__What to do__
In the entries that follow, the lines from the line containing "表格名称:评定表108 混凝土构件表面防护质量检验评定表" up to and including the line containing "Lo mismo para" must be copied exactly, with pictures omitted.

__Entries provided__

════════════════

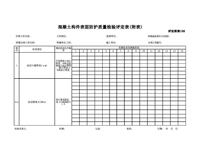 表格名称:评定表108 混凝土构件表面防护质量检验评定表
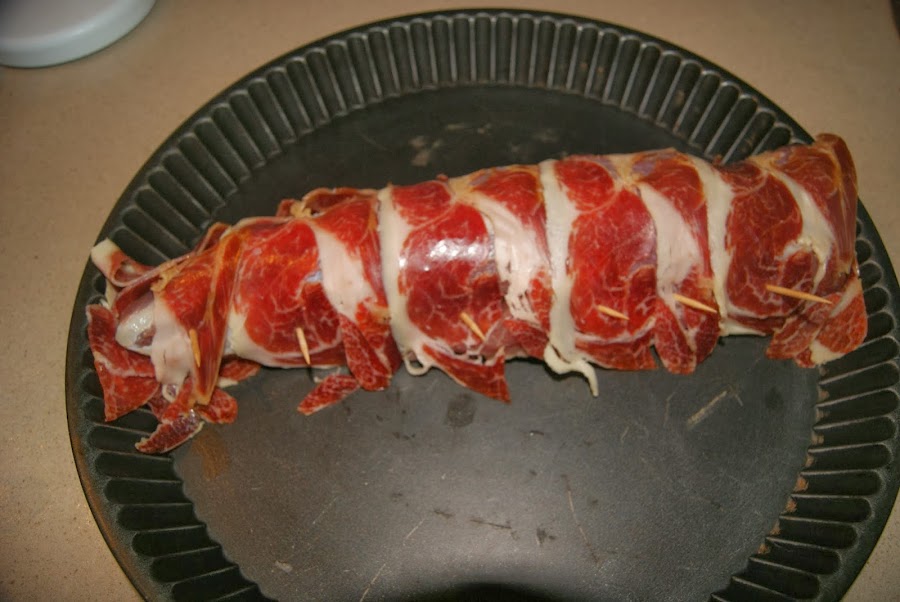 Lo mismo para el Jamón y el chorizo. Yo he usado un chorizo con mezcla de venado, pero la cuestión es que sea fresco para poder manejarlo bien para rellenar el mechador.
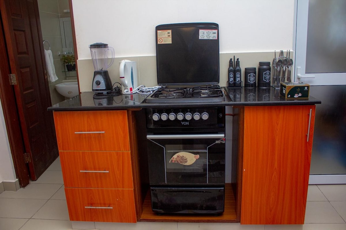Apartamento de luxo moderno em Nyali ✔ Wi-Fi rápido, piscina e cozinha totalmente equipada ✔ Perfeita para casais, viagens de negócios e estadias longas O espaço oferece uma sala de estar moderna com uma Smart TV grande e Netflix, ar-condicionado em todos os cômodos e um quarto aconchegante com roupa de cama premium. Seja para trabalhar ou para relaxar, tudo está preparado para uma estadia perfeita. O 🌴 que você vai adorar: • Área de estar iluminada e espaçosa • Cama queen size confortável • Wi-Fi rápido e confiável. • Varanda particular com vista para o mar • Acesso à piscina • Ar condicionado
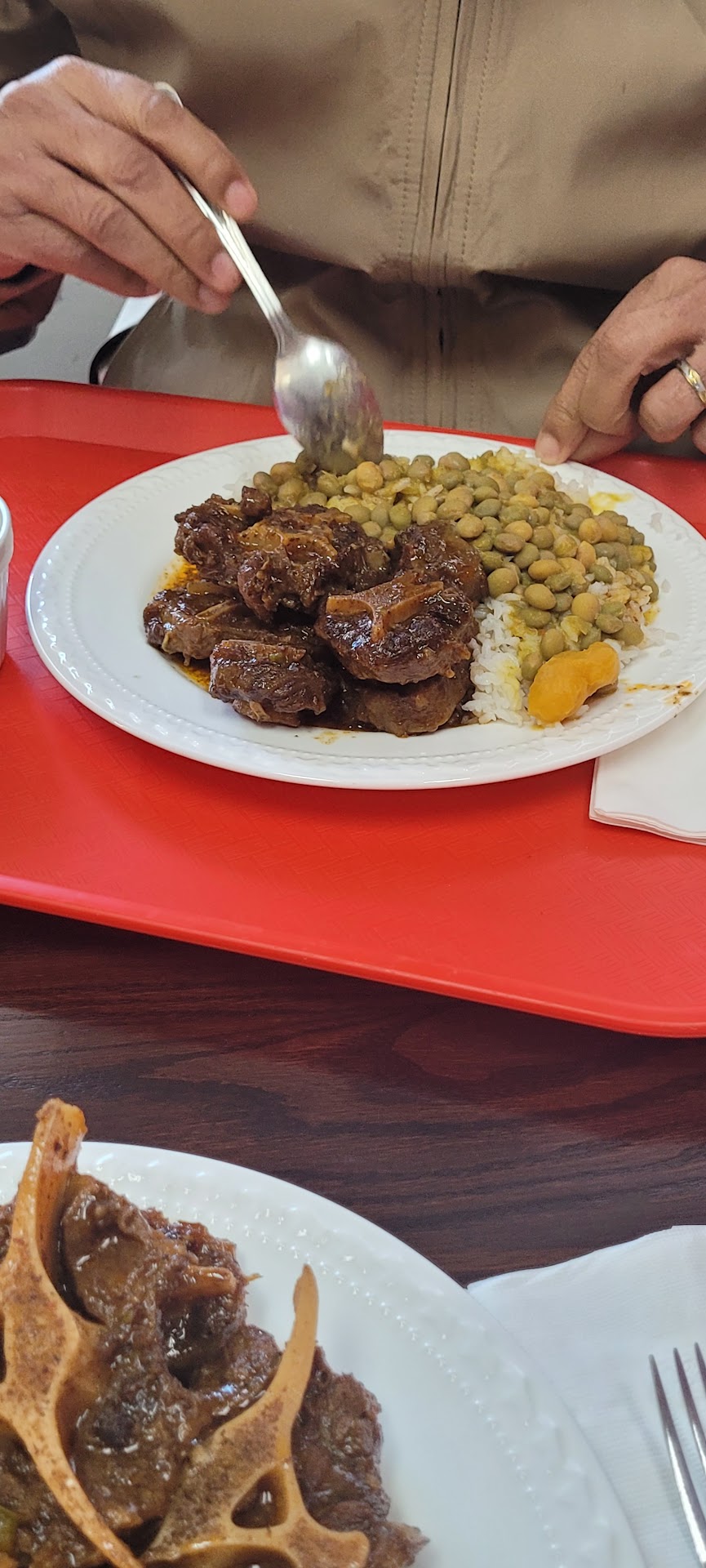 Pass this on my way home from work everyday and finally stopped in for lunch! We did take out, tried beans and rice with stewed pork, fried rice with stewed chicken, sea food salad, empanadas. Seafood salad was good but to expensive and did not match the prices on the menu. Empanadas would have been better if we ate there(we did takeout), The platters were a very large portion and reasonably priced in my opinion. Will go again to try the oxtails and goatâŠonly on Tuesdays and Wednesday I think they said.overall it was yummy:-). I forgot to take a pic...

════════════════

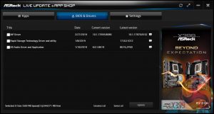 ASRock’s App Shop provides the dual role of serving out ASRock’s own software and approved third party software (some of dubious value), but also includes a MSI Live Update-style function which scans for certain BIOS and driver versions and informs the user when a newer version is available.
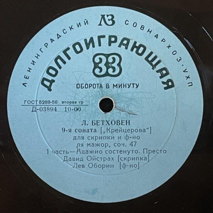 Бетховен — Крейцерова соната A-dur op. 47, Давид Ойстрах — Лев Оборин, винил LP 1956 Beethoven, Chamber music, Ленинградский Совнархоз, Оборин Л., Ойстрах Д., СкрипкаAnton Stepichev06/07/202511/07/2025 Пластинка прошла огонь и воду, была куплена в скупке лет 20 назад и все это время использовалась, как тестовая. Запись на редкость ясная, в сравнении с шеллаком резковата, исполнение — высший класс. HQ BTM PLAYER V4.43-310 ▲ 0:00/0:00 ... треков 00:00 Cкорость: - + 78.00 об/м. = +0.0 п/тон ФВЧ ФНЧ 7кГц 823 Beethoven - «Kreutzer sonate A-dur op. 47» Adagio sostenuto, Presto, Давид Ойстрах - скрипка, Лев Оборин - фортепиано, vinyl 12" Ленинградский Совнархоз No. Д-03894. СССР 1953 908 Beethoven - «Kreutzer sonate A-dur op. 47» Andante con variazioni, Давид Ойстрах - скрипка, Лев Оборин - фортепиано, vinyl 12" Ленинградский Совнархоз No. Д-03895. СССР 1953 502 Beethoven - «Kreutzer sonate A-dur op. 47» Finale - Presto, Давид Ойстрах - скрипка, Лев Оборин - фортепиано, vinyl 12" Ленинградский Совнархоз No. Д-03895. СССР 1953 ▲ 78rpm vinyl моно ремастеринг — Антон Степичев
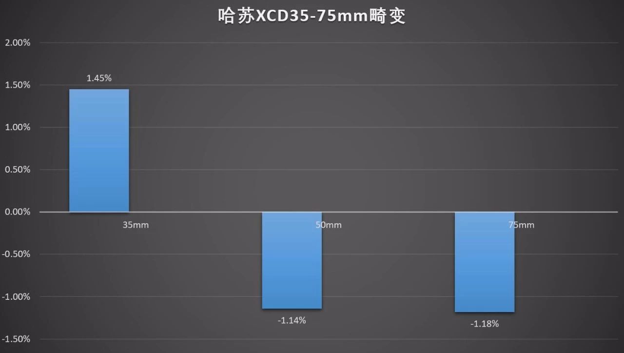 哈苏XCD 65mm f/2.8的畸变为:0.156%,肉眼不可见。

════════════════

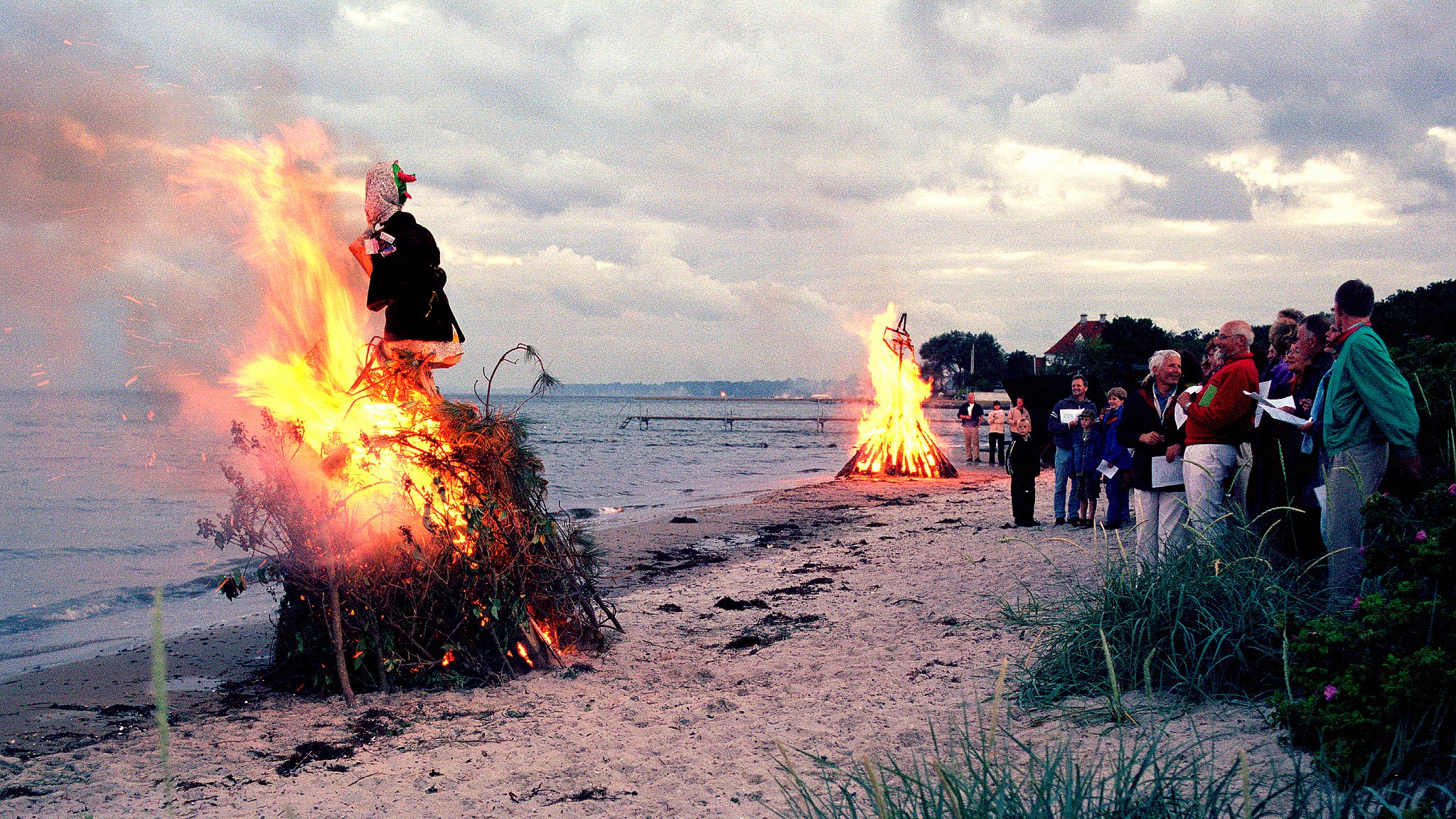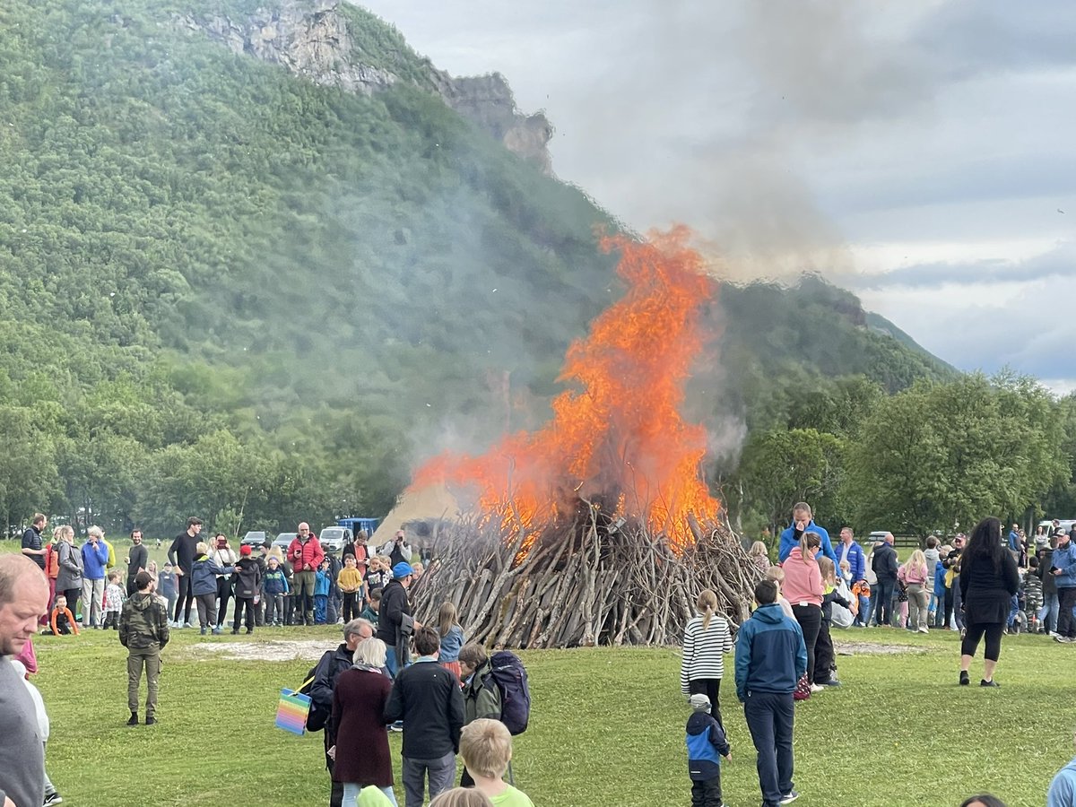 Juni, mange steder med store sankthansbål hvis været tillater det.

════════════════

__Response area__
 表格名称:评定表108 混凝土构件表面防护质量检验评定表
 Lo mismo para el Jamón y el chorizo. Yo he usado un chorizo con mezcla de venado, pero la cuestión es que sea fresco para poder manejarlo bien para rellenar el mechador.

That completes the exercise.